Islamophobic wilders leads demonstration in Rotterdam against Muslims
Hundreds of right-wing demonstrators crowded a main square at Rotterdam’s central station Saturday to protest what they describe as the “discrimination against ordinary Dutch citizens” in favor of immigrants and…
Muslims.
The protest by around 700 right-wing supporters comes as Dutch political parties gear up for local government elections in March, with issues such as immigration and integration again expected to feature prominently among its 13 million illegible voters.
“The Netherlands is our country, it’s not (Prime Minister) Mark Rutte’s country,” Islamophobic Dutch politician Geert Wilders, who led the demonstration, told the protesters.
“We live here, not in Morocco, we don’t live in Turkey or in Saudi Arabia, but in Rotterdam, in the Netherlands,” said Wilders.
Many protesters on Saturday waved Dutch flags and carried placards saying “Stop the Islamization of Europe” and “Keep the Dutch culture, traditions, norms and values!”

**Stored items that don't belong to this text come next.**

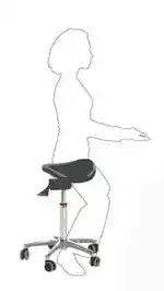 На настоящий момент наиболее отвечает задачам прикладной ортопедии концепция посадки в положении «сидя-стоя», и одна из её наиболее известных разновидностей — посадка «как в седле». В этом случае таз сидящего человека жестко фиксируется в симметричном положении относительно саггитальной плоскости, что, как следствие, приводит и к устранению асимметрии в плечевом поясе. Таз человека, сидящего на стуле такого типа, оказывается наклонен вперёд, что приводит к формированию и поддержанию поясничного лордоза при сидении в естественном для поясничного отдела позвоночника положении. Как и на стульях с подвижной опорной поверхностью, у стульев данного типа отсутствует спинка, что приводит к активному удержанию равновесия за счёт попеременной работы мышц спины и поясницы. Однако отличие посадки в положении «сидя-стоя» от посадки на подвижной опорной поверхности состоит в следующем: таз сидящего «как в седле» человека оказывается жёстко зафиксирован, что делает крайние отклонённые влево и вправо от вертикальной оси положения дискомфортными, вызывая мотивацию вернуться к правильной вертикальной позе. Динамическое удержание позы позволяет минимизировать статические напряжения, возникающие в области поясницы при сидении на большинстве классических вариантов стульев.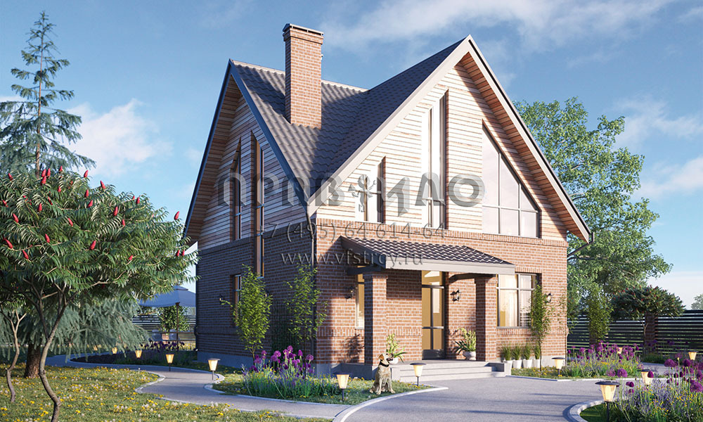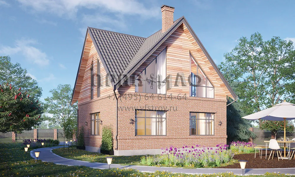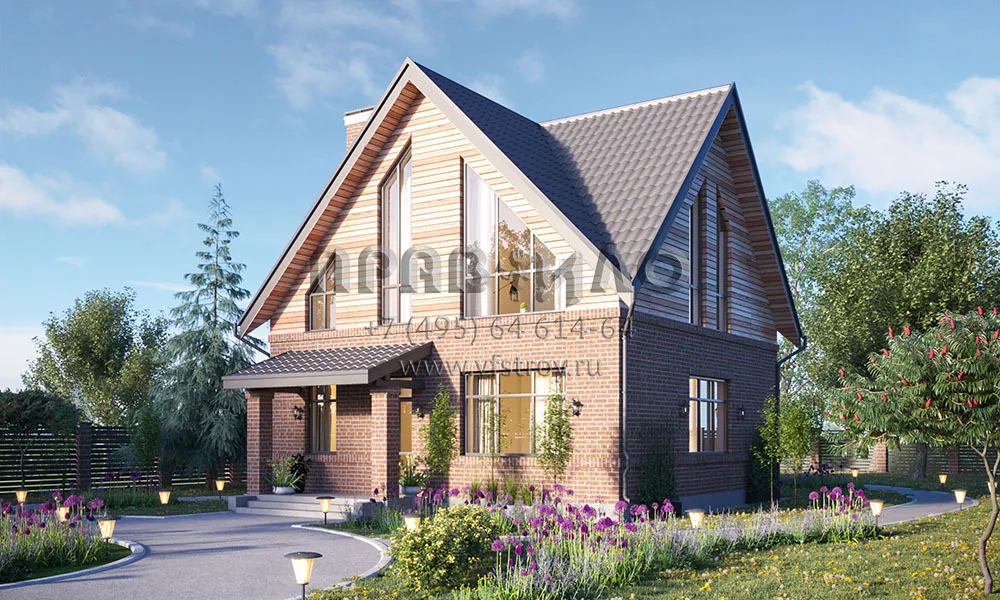 Проект компактного дома с мансардой, большими видовыми окнами и совмещенной зоной отдыха S2-134 (070-134-1М)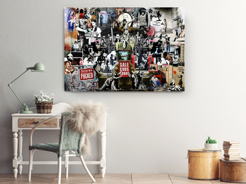 Banksy Canvas Print Collage Art Ready To Hang Wall Decor Home Decor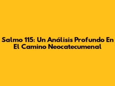 Salmo 115: Un Análisis Profundo En El Camino Neocatecumenal

Police — who were out in force — formed a line between right-wing demonstrators and a handful of anti-demonstrators led by two MPs of the leftist Denk Party, which draws its support mainly from Turkish and Moroccan communities.
“This (Wilders’ message) is a message of hatred and division and we’re against it. We have a message of unity and solidary,” Denk leader Tunahan Kuzu told AFP.
Wilders’s PVV will compete in around 30 of the 335 local governments in the March 21 vote, with the party battling to find candidates to represent it in other local constituencies.